### [TASK PROMPT]
Under this line are records; the part from the line containing "Основен ресторант, 2" through the line containing "限次性帶彈性兜帽無紡布防化服" should be repeated exactly. Please exclude pictures.
(INPUT MATERIAL Opens)
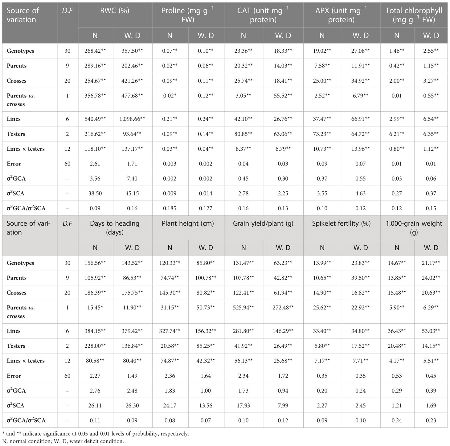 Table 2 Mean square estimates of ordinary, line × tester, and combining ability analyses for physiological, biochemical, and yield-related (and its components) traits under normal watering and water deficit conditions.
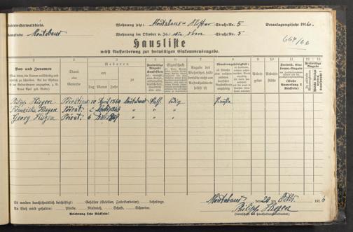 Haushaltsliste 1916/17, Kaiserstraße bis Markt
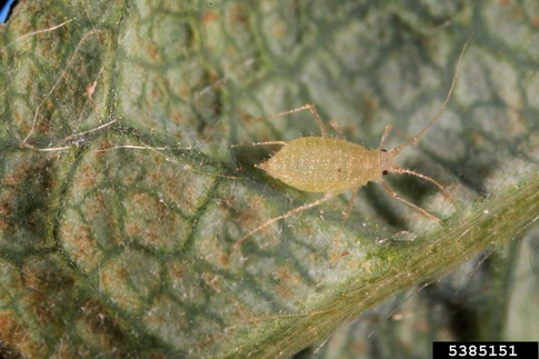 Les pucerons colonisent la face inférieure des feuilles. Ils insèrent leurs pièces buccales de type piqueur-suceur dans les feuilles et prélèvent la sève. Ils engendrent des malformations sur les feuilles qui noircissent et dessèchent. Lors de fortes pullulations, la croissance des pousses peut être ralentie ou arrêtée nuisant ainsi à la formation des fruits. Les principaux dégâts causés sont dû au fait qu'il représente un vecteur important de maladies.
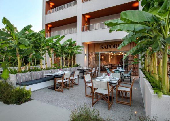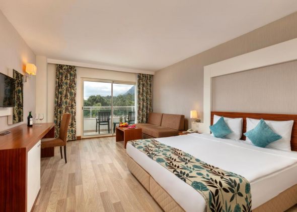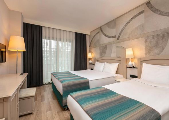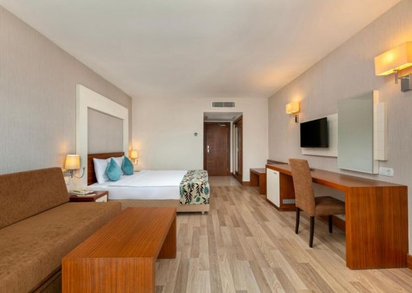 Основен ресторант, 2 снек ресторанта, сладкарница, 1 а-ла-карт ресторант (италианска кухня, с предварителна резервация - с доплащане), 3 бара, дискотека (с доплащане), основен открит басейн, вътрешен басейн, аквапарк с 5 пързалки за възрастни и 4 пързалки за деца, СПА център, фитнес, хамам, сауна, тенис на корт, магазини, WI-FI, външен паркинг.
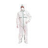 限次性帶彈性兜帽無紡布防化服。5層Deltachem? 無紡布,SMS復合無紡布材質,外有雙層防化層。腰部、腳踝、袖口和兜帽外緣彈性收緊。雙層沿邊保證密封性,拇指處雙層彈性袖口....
(INPUT MATERIAL Closes)
(INPUT MATERIAL Opens)
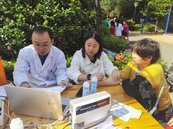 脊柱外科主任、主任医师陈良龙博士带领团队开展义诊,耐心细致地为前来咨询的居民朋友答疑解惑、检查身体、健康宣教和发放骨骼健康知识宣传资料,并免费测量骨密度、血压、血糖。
(INPUT MATERIAL Closes)
(INPUT MATERIAL Opens)
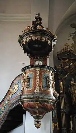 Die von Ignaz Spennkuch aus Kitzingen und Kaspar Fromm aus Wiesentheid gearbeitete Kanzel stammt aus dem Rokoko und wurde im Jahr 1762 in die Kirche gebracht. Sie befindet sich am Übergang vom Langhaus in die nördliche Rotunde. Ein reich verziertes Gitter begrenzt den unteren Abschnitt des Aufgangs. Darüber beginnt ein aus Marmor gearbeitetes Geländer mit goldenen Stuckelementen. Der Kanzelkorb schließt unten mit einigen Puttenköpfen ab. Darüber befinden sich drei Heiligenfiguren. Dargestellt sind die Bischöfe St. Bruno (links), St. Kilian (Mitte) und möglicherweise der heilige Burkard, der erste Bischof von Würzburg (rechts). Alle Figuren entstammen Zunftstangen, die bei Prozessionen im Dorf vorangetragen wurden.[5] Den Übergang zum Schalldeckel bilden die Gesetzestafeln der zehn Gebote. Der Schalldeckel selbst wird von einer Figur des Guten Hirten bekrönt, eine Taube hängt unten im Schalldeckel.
(INPUT MATERIAL Closes)
### [ANSWER]
 Основен ресторант, 2 снек ресторанта, сладкарница, 1 а-ла-карт ресторант (италианска кухня, с предварителна резервация - с доплащане), 3 бара, дискотека (с доплащане), основен открит басейн, вътрешен басейн, аквапарк с 5 пързалки за възрастни и 4 пързалки за деца, СПА център, фитнес, хамам, сауна, тенис на корт, магазини, WI-FI, външен паркинг.
 限次性帶彈性兜帽無紡布防化服。5層Deltachem? 無紡布,SMS復合無紡布材質,外有雙層防化層。腰部、腳踝、袖口和兜帽外緣彈性收緊。雙層沿邊保證密封性,拇指處雙層彈性袖口....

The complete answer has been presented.